(Input material Opens)
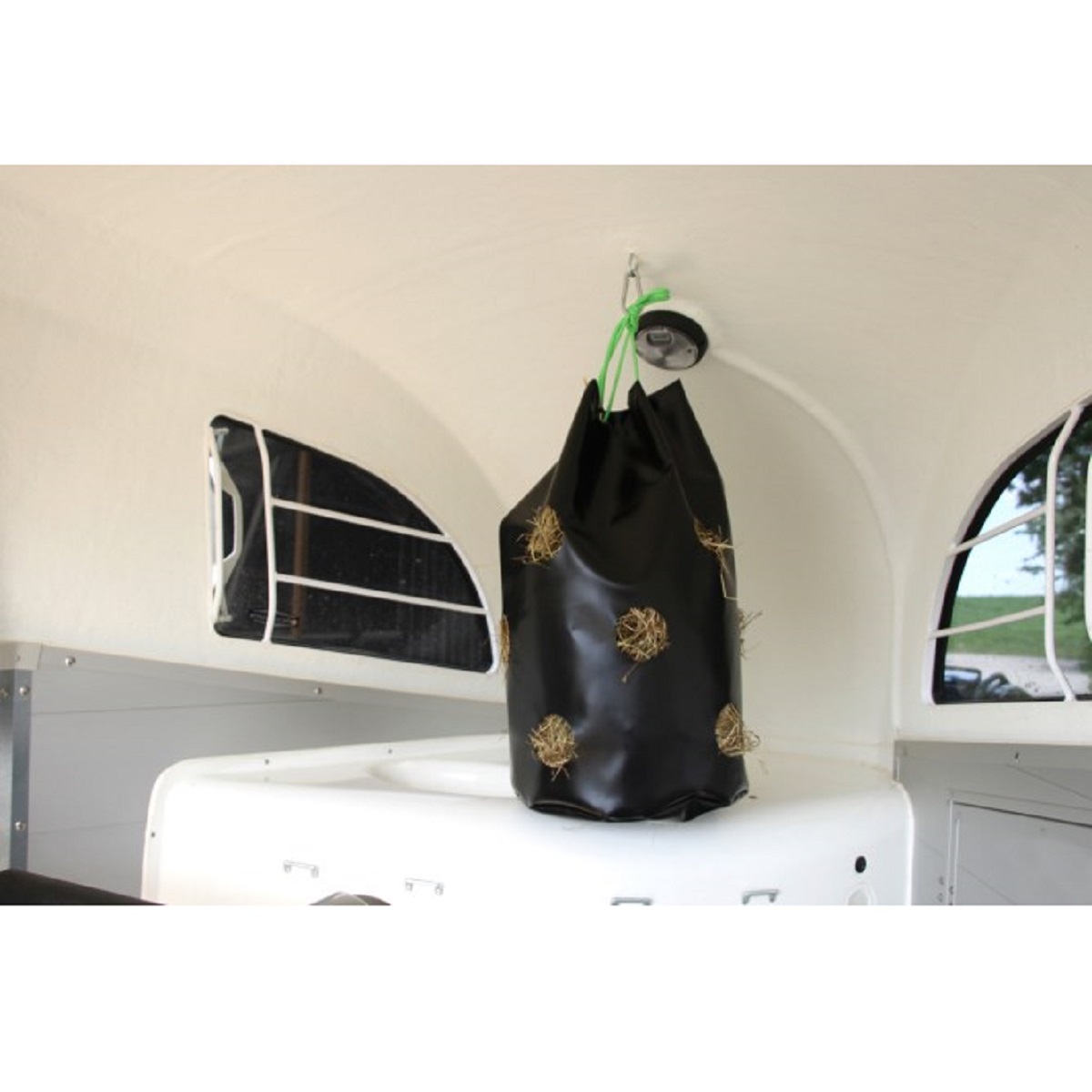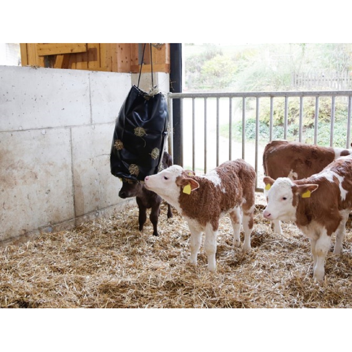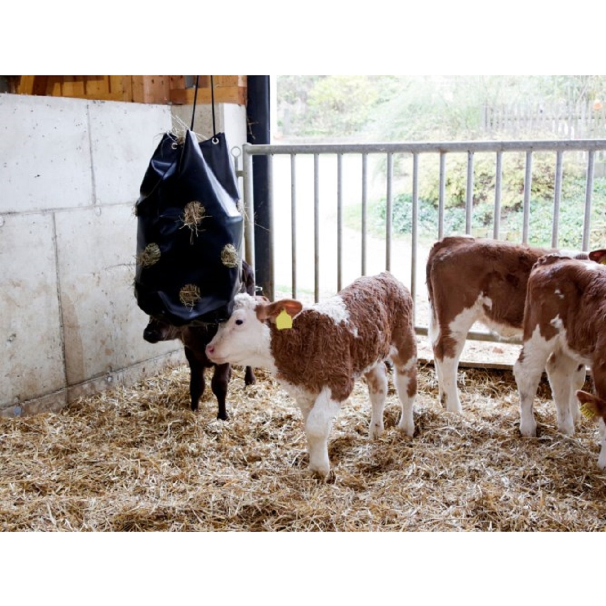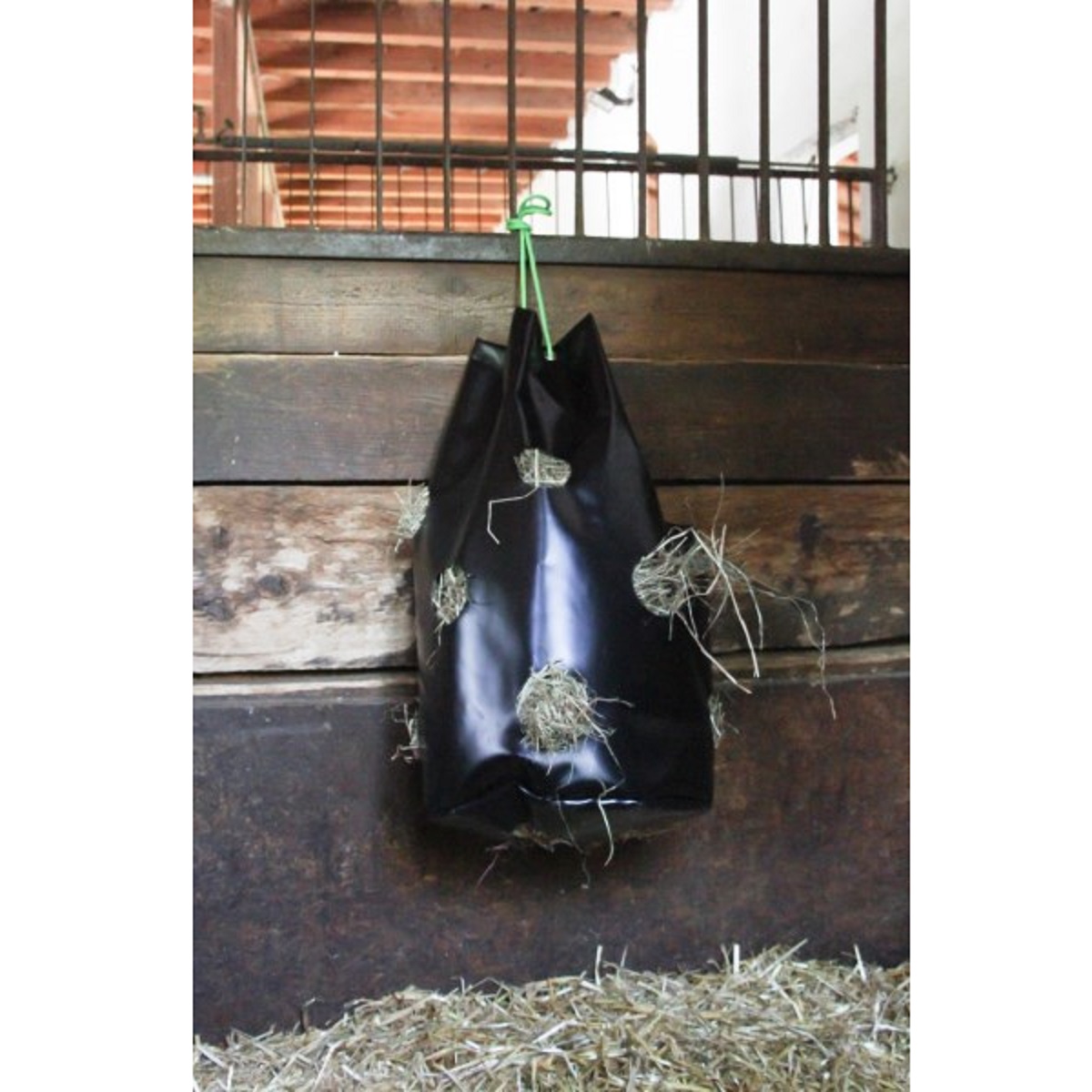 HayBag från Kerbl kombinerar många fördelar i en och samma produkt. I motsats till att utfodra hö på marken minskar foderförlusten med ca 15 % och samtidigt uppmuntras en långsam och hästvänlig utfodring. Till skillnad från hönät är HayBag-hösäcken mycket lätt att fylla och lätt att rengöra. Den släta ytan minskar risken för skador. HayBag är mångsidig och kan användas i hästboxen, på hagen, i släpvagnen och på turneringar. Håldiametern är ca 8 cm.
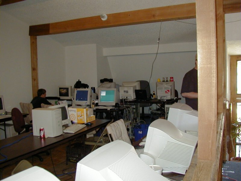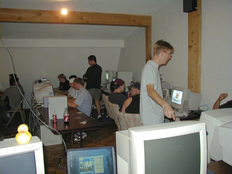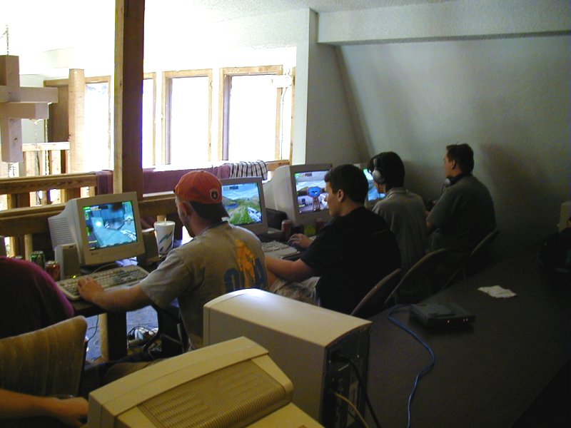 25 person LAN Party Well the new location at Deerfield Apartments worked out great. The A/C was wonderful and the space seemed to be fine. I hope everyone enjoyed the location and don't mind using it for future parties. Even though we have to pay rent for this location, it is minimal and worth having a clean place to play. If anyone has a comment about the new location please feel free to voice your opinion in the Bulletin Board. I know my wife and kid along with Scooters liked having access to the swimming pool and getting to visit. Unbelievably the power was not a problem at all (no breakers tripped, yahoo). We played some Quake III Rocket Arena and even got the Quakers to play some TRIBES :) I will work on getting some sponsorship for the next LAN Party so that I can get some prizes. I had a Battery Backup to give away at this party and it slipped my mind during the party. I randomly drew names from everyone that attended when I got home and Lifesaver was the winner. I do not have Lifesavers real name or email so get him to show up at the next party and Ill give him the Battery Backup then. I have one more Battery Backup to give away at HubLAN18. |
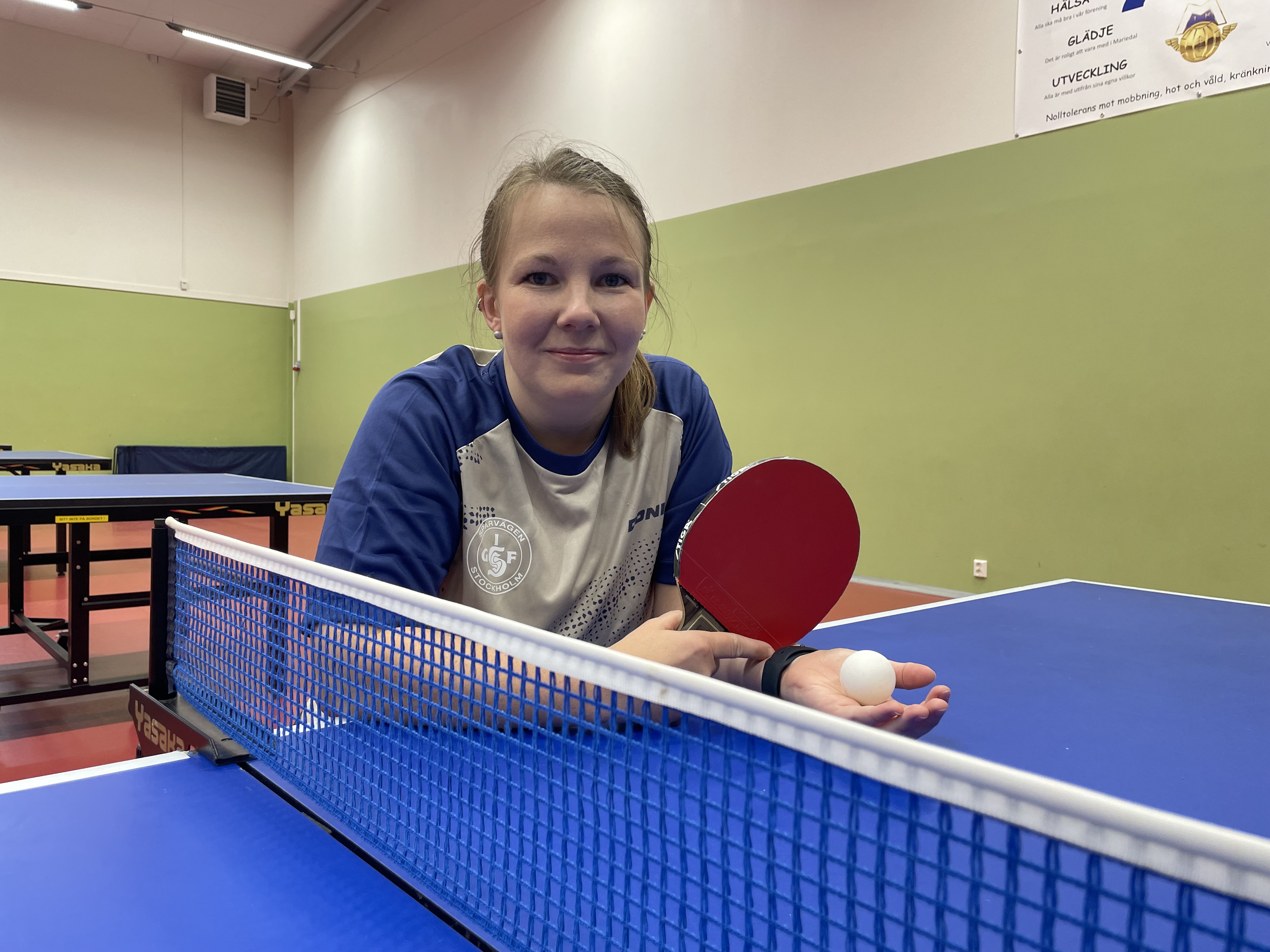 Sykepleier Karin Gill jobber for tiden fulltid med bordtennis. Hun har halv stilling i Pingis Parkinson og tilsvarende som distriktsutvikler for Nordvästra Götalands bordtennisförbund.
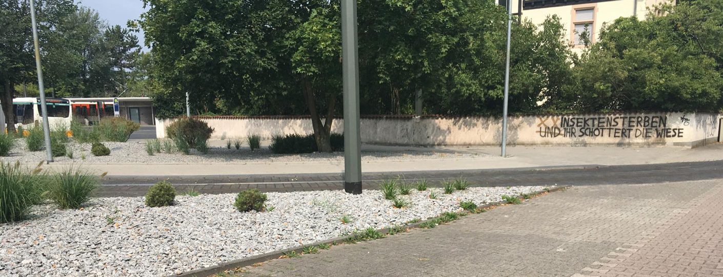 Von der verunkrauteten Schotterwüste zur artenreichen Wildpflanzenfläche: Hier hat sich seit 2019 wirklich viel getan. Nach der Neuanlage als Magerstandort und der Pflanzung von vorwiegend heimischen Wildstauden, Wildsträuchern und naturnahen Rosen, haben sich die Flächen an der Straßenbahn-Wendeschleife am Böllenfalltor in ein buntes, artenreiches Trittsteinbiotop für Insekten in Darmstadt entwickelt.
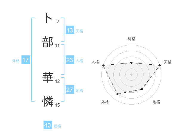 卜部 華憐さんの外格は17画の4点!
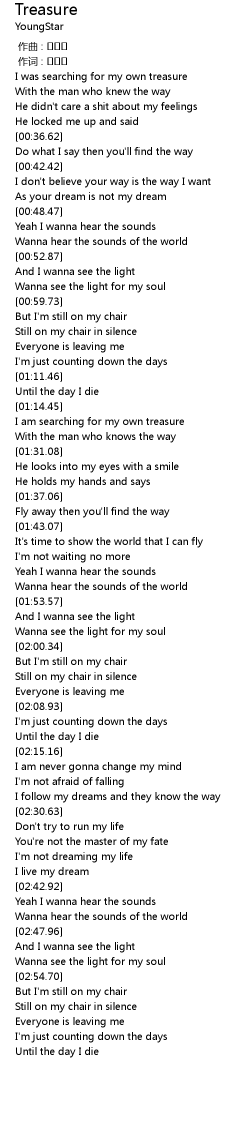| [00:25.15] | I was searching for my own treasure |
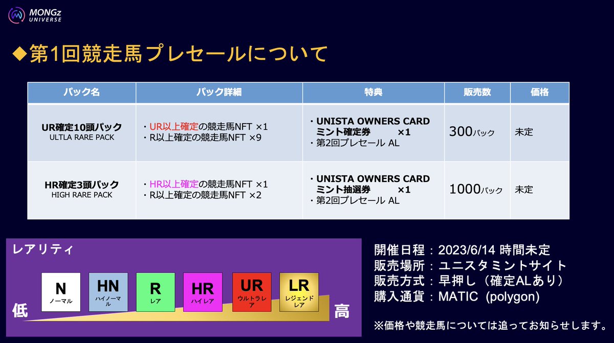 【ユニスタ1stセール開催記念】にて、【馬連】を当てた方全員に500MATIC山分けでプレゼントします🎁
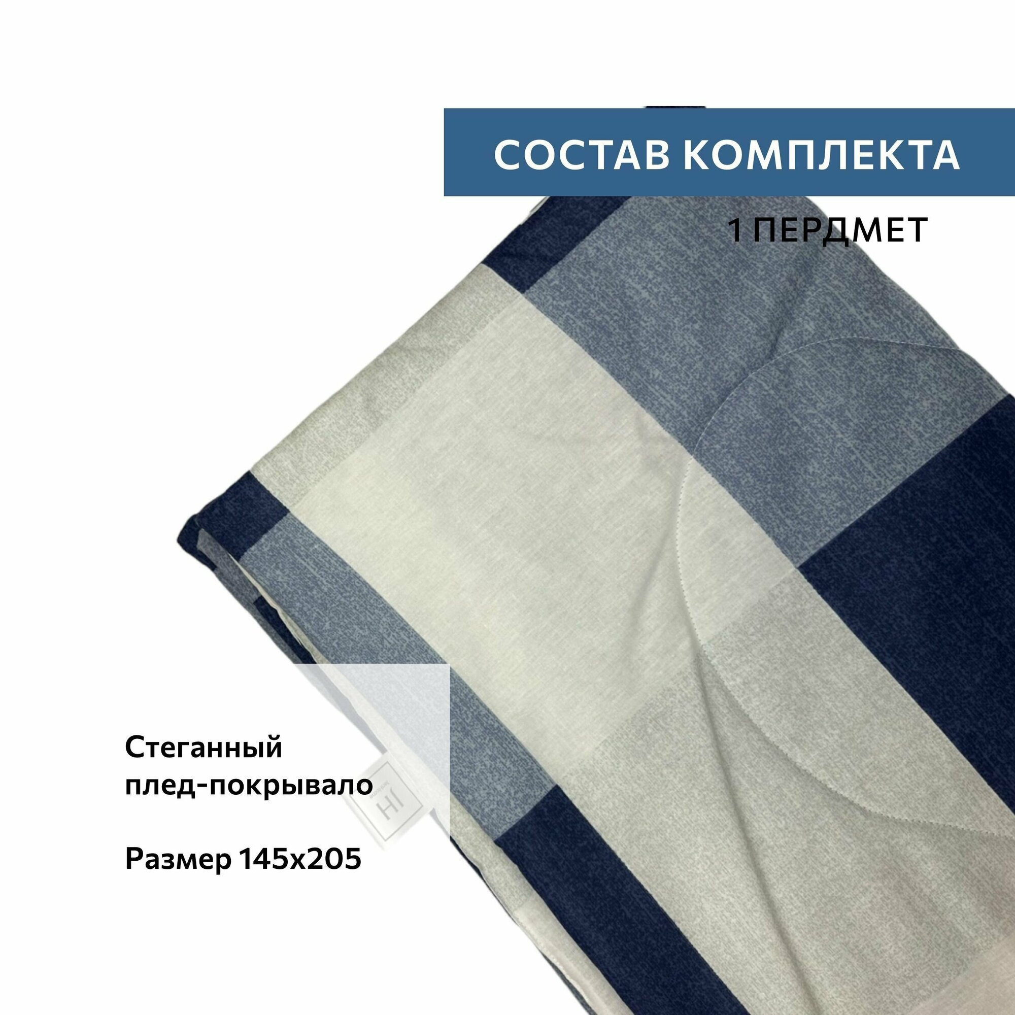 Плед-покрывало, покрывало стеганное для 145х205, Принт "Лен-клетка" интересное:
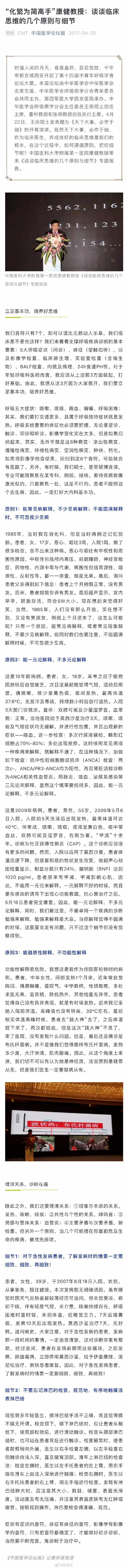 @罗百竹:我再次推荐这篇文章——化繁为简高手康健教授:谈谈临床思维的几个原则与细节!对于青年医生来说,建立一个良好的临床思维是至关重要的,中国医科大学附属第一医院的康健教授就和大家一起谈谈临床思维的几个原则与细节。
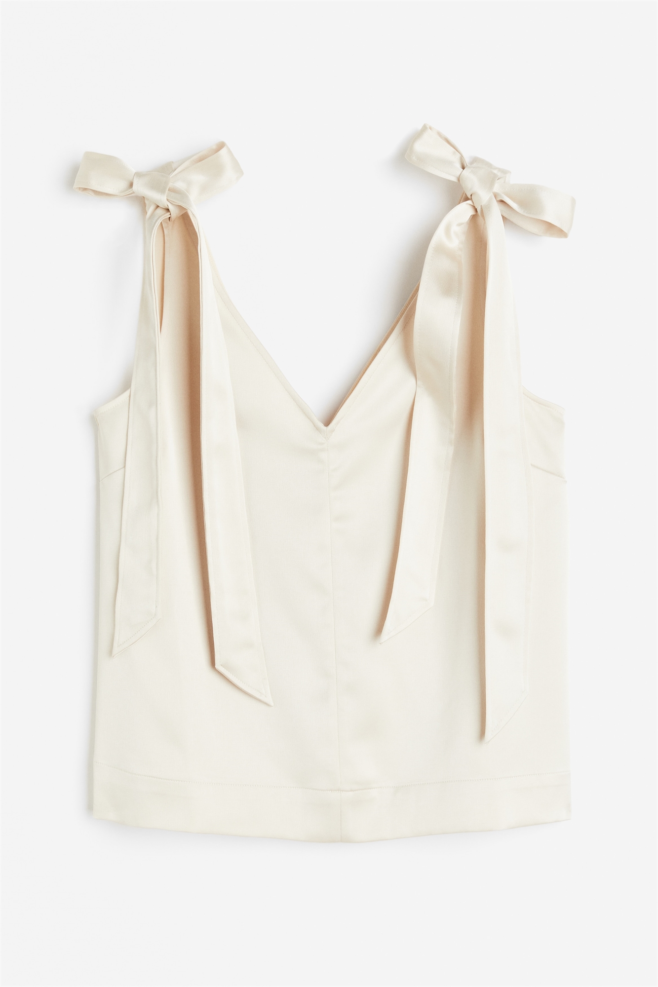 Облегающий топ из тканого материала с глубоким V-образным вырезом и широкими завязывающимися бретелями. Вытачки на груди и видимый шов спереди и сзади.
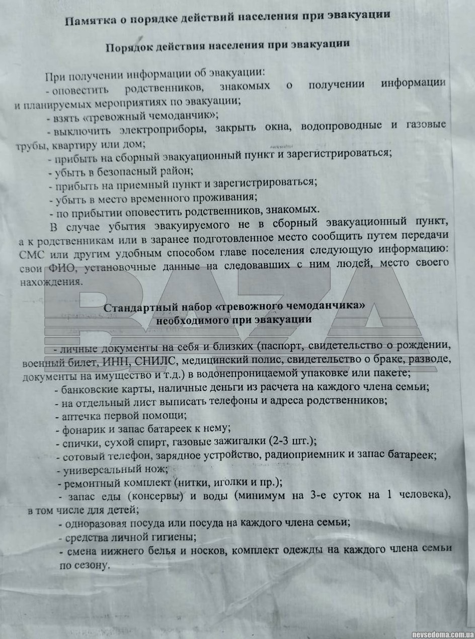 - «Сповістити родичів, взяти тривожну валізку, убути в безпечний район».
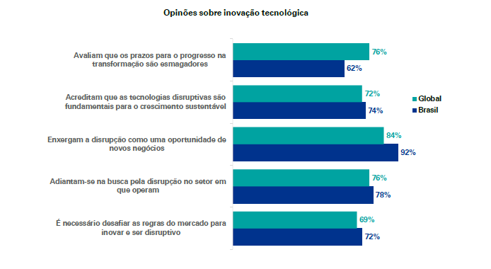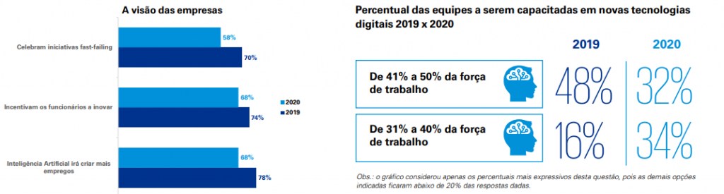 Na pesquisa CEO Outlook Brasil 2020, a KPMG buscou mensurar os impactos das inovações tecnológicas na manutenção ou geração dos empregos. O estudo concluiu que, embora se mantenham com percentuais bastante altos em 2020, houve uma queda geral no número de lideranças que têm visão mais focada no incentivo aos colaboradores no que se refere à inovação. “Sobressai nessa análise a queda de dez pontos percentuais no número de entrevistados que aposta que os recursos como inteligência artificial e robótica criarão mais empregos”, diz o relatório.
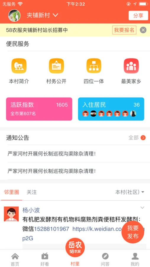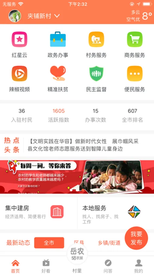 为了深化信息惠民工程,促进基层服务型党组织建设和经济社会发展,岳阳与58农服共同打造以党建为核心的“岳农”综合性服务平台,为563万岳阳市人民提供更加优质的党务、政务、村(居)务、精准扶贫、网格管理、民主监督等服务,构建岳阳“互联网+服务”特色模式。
(Input material Closes)
● **Task requirements**
Your task is to repeat the data above exactly while excluding the pictures.

● **The completed task**
 HayBag från Kerbl kombinerar många fördelar i en och samma produkt. I motsats till att utfodra hö på marken minskar foderförlusten med ca 15 % och samtidigt uppmuntras en långsam och hästvänlig utfodring. Till skillnad från hönät är HayBag-hösäcken mycket lätt att fylla och lätt att rengöra. Den släta ytan minskar risken för skador. HayBag är mångsidig och kan användas i hästboxen, på hagen, i släpvagnen och på turneringar. Håldiametern är ca 8 cm.
 25 person LAN Party Well the new location at Deerfield Apartments worked out great. The A/C was wonderful and the space seemed to be fine. I hope everyone enjoyed the location and don't mind using it for future parties. Even though we have to pay rent for this location, it is minimal and worth having a clean place to play. If anyone has a comment about the new location please feel free to voice your opinion in the Bulletin Board. I know my wife and kid along with Scooters liked having access to the swimming pool and getting to visit. Unbelievably the power was not a problem at all (no breakers tripped, yahoo). We played some Quake III Rocket Arena and even got the Quakers to play some TRIBES :) I will work on getting some sponsorship for the next LAN Party so that I can get some prizes. I had a Battery Backup to give away at this party and it slipped my mind during the party. I randomly drew names from everyone that attended when I got home and Lifesaver was the winner. I do not have Lifesavers real name or email so get him to show up at the next party and Ill give him the Battery Backup then. I have one more Battery Backup to give away at HubLAN18. |
 Sykepleier Karin Gill jobber for tiden fulltid med bordtennis. Hun har halv stilling i Pingis Parkinson og tilsvarende som distriktsutvikler for Nordvästra Götalands bordtennisförbund.
 Von der verunkrauteten Schotterwüste zur artenreichen Wildpflanzenfläche: Hier hat sich seit 2019 wirklich viel getan. Nach der Neuanlage als Magerstandort und der Pflanzung von vorwiegend heimischen Wildstauden, Wildsträuchern und naturnahen Rosen, haben sich die Flächen an der Straßenbahn-Wendeschleife am Böllenfalltor in ein buntes, artenreiches Trittsteinbiotop für Insekten in Darmstadt entwickelt.
 卜部 華憐さんの外格は17画の4点!
| [00:25.15] | I was searching for my own treasure |
 【ユニスタ1stセール開催記念】にて、【馬連】を当てた方全員に500MATIC山分けでプレゼントします🎁
 Плед-покрывало, покрывало стеганное для 145х205, Принт "Лен-клетка" интересное:
 @罗百竹:我再次推荐这篇文章——化繁为简高手康健教授:谈谈临床思维的几个原则与细节!对于青年医生来说,建立一个良好的临床思维是至关重要的,中国医科大学附属第一医院的康健教授就和大家一起谈谈临床思维的几个原则与细节。
 Облегающий топ из тканого материала с глубоким V-образным вырезом и широкими завязывающимися бретелями. Вытачки на груди и видимый шов спереди и сзади.
 - «Сповістити родичів, взяти тривожну валізку, убути в безпечний район».
 Na pesquisa CEO Outlook Brasil 2020, a KPMG buscou mensurar os impactos das inovações tecnológicas na manutenção ou geração dos empregos. O estudo concluiu que, embora se mantenham com percentuais bastante altos em 2020, houve uma queda geral no número de lideranças que têm visão mais focada no incentivo aos colaboradores no que se refere à inovação. “Sobressai nessa análise a queda de dez pontos percentuais no número de entrevistados que aposta que os recursos como inteligência artificial e robótica criarão mais empregos”, diz o relatório.
 为了深化信息惠民工程,促进基层服务型党组织建设和经济社会发展,岳阳与58农服共同打造以党建为核心的“岳农”综合性服务平台,为563万岳阳市人民提供更加优质的党务、政务、村(居)务、精准扶贫、网格管理、民主监督等服务,构建岳阳“互联网+服务”特色模式。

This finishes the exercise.